On Mon, Nov 23, 2015 at 2:16 PM, Radim Vansa <rvansa at redhat.com> wrote:
> On 11/23/2015 01:07 PM, Sanne Grinovero wrote:
>> +1
>>
>> See also https://issues.jboss.org/browse/ISPN-3905 ; although I was
>> mostly concerned on it allocating on a (very) hot path and didn't look
>> at it in terms of compatibility modes.
> Yes, due to compatibility we cannot remove the UTF-8 encoding from
> MurmurHash3 since compatibility with clients (in other languages)
> depends on this as well, though, we could theoretically merge encoding
> and hashing into one function - UTF-8 encoder implementation looks quite
> simple (60 lines of code?) - could be worth it even if used only for
> server. However, my proposal was to remove that computation from
> hot-code path completely.
>
>>
>> Rather than xorring with "magic numbers" don't you think we
>> Equivalence implementation should be able to rule on that?
>
> We shouldn't require user to provide a pair of hashCode functions, I
> don't think that would work well in practice. Though, we could make the
> second function Java 8-default method (with return hashCode() ^
> 0xWHATEVER), still allowing it to be overridable.

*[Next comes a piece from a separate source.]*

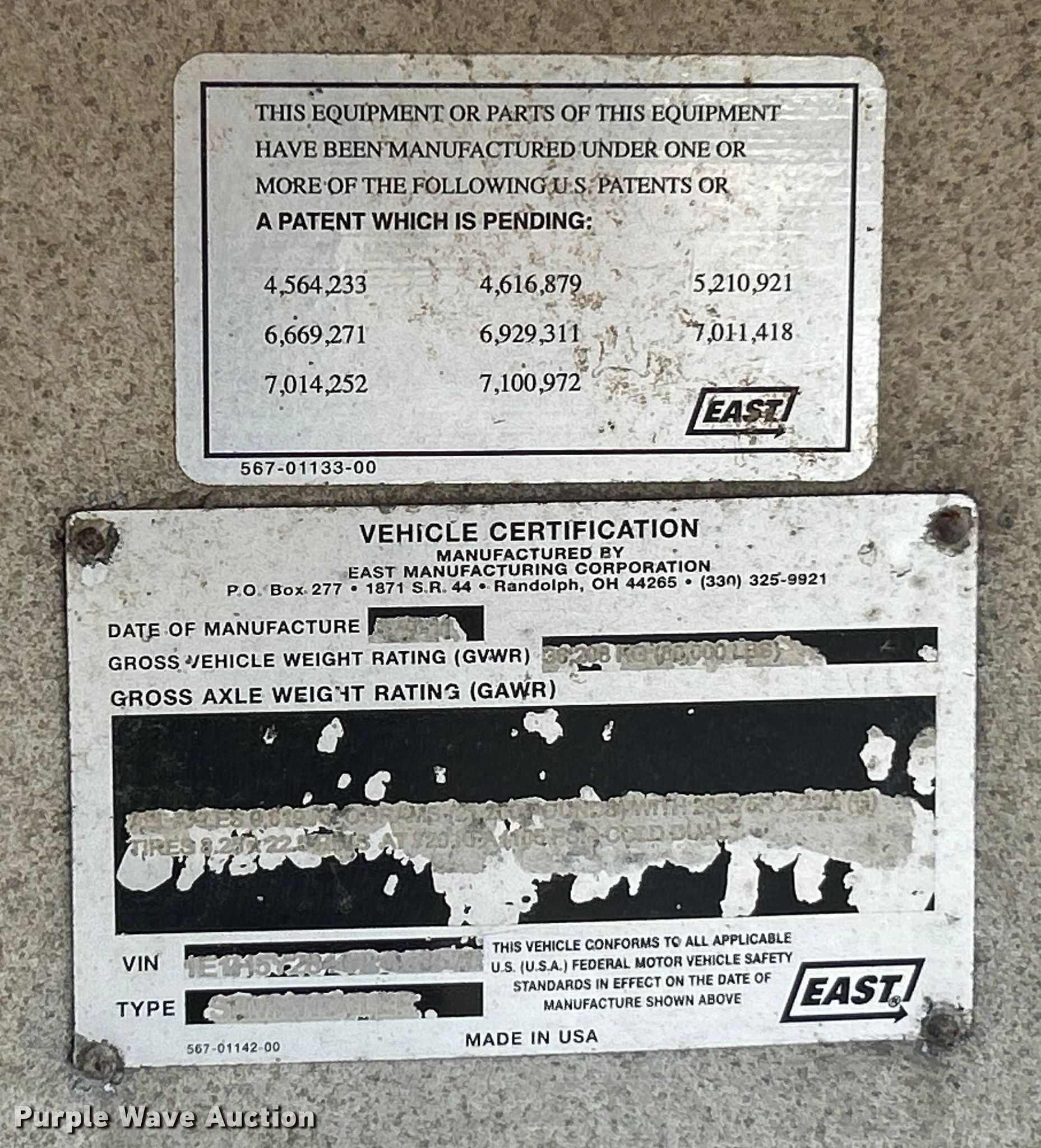 2012 East flatbed trailer. VIN: 1E1H5Y284CRG46525. Dimensions Overall Length: 48', Width: 102", Deck Length: 48', Width: 97". Features Deck type: Aluminum. Chassis Landing gear: Dual, Suspension: Air, Brakes: Air, Axles: Spread, GVWR: 80,000 lbs. Tires Aluminum wheels, Size: 295/75R22.5. Missouri title. Title distribution may be delayed up to 14 days from verification of funds. Bourbon, MO 65441

The JDK team learned long ago to use a spreader on top of
user-supplied hashCode() implementations, as user-supplied hash codes
are usually very clustered. In the case of strings, many times a
common prefix makes up most of the key, and the hash codes of the keys
are again clustered. A XOR with a magic value would definitely not
help with the clustering issue, that's why java.util.HashMap doesn't
use it.

Note that our consistent hashes map adjacent keys to the same segment:
we use hash / buckets, whereas HashMap uses hash % buckets. So we
require a better spread across the hash space than HashMap does, and
because of that I think we really need MurmurHash3. Still, we could
change it to work on the result of Equivalence.hashCode(Object),
instead of dealing with the contents of byte[] and String directly,
but maintaining compatibility with old clients may not be possible.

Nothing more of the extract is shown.